Advantages: No direct dependencies between services. No need to modify existing services when adding new ones. Disadvantages: The entire flow cannot be seen at a glance in code. When event chains become complex, tracking where failures occurred is difficult. Risk of circular dependencies.

Orchestration: Central Orchestrator Approach

The Saga Orchestrator manages the entire flow.
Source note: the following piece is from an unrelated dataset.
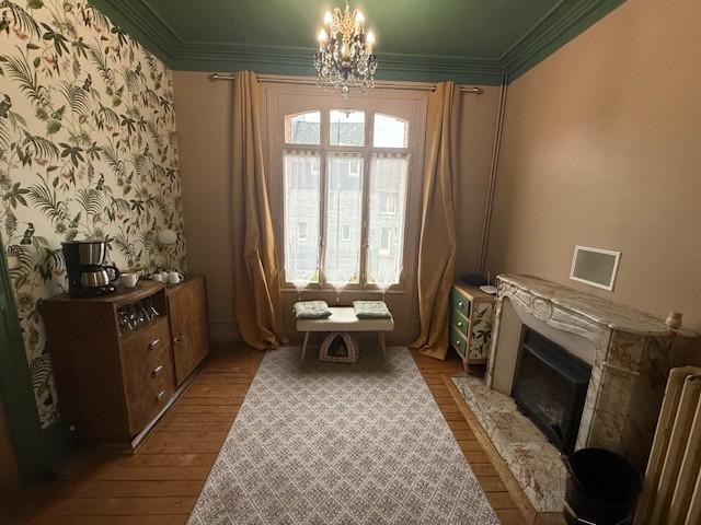 - Au rdc : Entrée, séjour-salon, cuisine ouverte aménagée sur coin repas, petit salon ou salle à manger avec cheminée insert.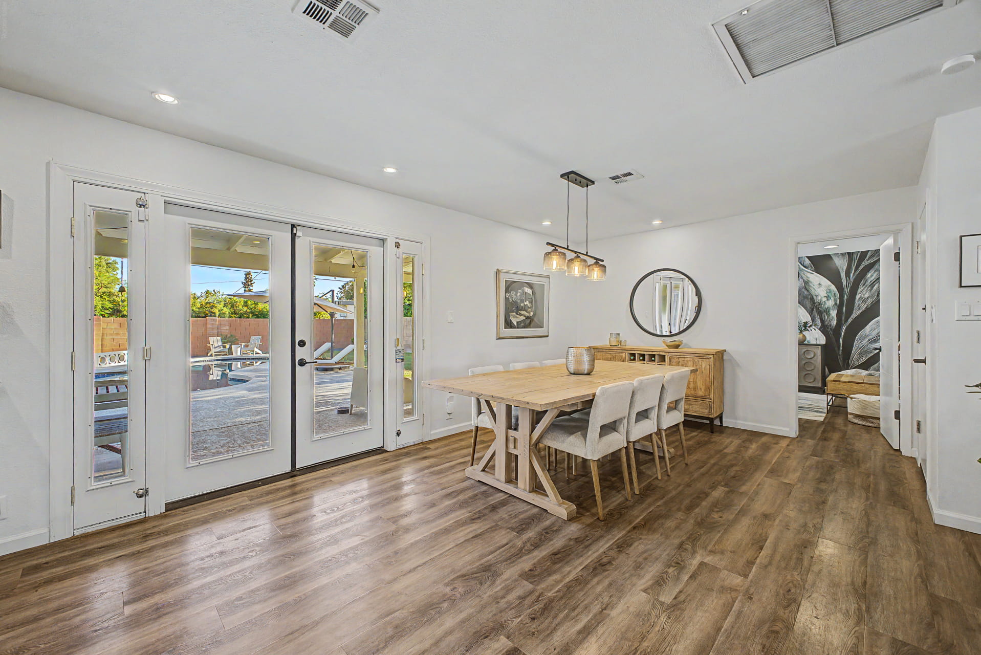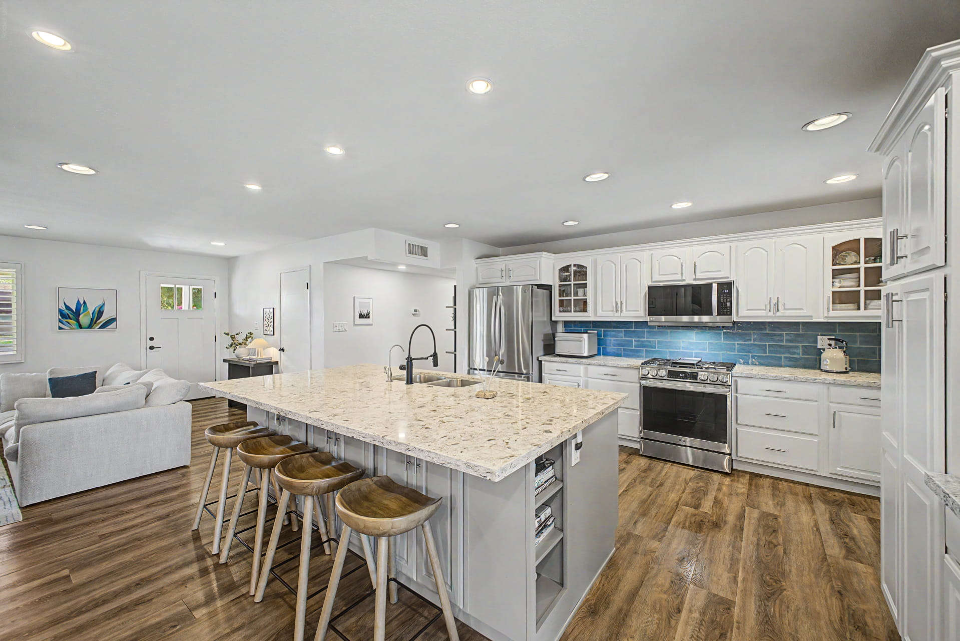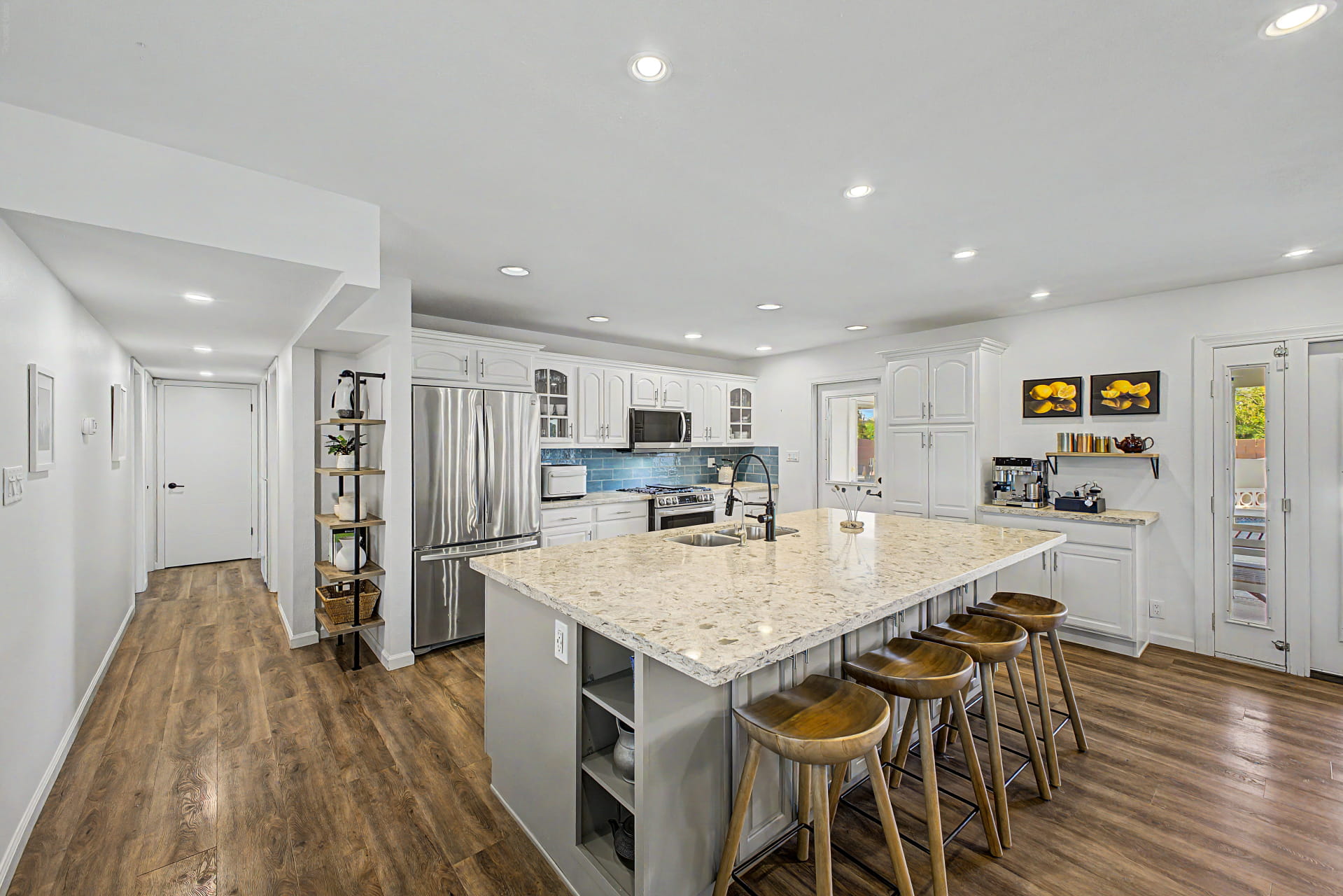 The interior feels bright and open, with a layout that works well for both everyday living and entertaining. Thoughtful updates throughout include new Marvin windows, a new slider, plantation shutters, recessed lighting, and all new interior doors and hardware. The primary bathroom has been fully updated with a frameless shower, new tile, a new vanity, and updated backsplash. The separate den functions easily as a fourth bedroom, home office, or flex space depending on what the household needs.

It determines the next step based on success/failure of each stage and controls the compensation order upon failure.

SagaOrchestrator
    |-- (1) reserve_credit --> PaymentService
    |-- (2) reserve_inventory --> InventoryService
    |-- (3) create_shipment --> ShippingService
    |
    |  On (3) failure:
    |-- compensate (2) release_inventory
    |-- compensate (1) refund_credit

Advantages: The entire flow exists explicitly in the orchestrator code. Debugging and monitoring are easy. Disadvantages: The orchestrator can become a single point of failure. As the number of services grows, the orchestrator's complexity increases.

Saga Orchestrator Implementation

The following is a core implementation of a Saga Orchestrator usable in production.

"""
Saga Orchestrator: Manages execution and compensation of distributed transactions.

Each step implements execute() and compensate(),
and the orchestrator executes sequentially, then compensates in reverse order on failure.
"""
from dataclasses import dataclass, field
from enum import Enum
from typing import Optional
import logging
import uuid
import time

logger = logging.getLogger(__name__)


class SagaStatus(Enum):
    PENDING = "pending"
    RUNNING = "running"
    COMPLETED = "completed"
    COMPENSATING = "compensating"
    COMPENSATED = "compensated"
    FAILED = "failed"  # When compensation itself fails


class StepStatus(Enum):
    PENDING = "pending"
    EXECUTED = "executed"
    COMPENSATED = "compensated"
    COMPENSATION_FAILED = "compensation_failed"


@dataclass
class SagaStep:
    """Individual step of a Saga.

    execute() and compensate() are implemented in subclasses.
    Retry safety is ensured through idempotency_key.
    """
    name: str
    status: StepStatus = StepStatus.PENDING
    idempotency_key: str = ""
    executed_at: Optional[float] = None
    compensated_at: Optional[float] = None
    error: Optional[str] = None

    def __post_init__(self):
        if not self.idempotency_key:
            self.idempotency_key = str(uuid.uuid4())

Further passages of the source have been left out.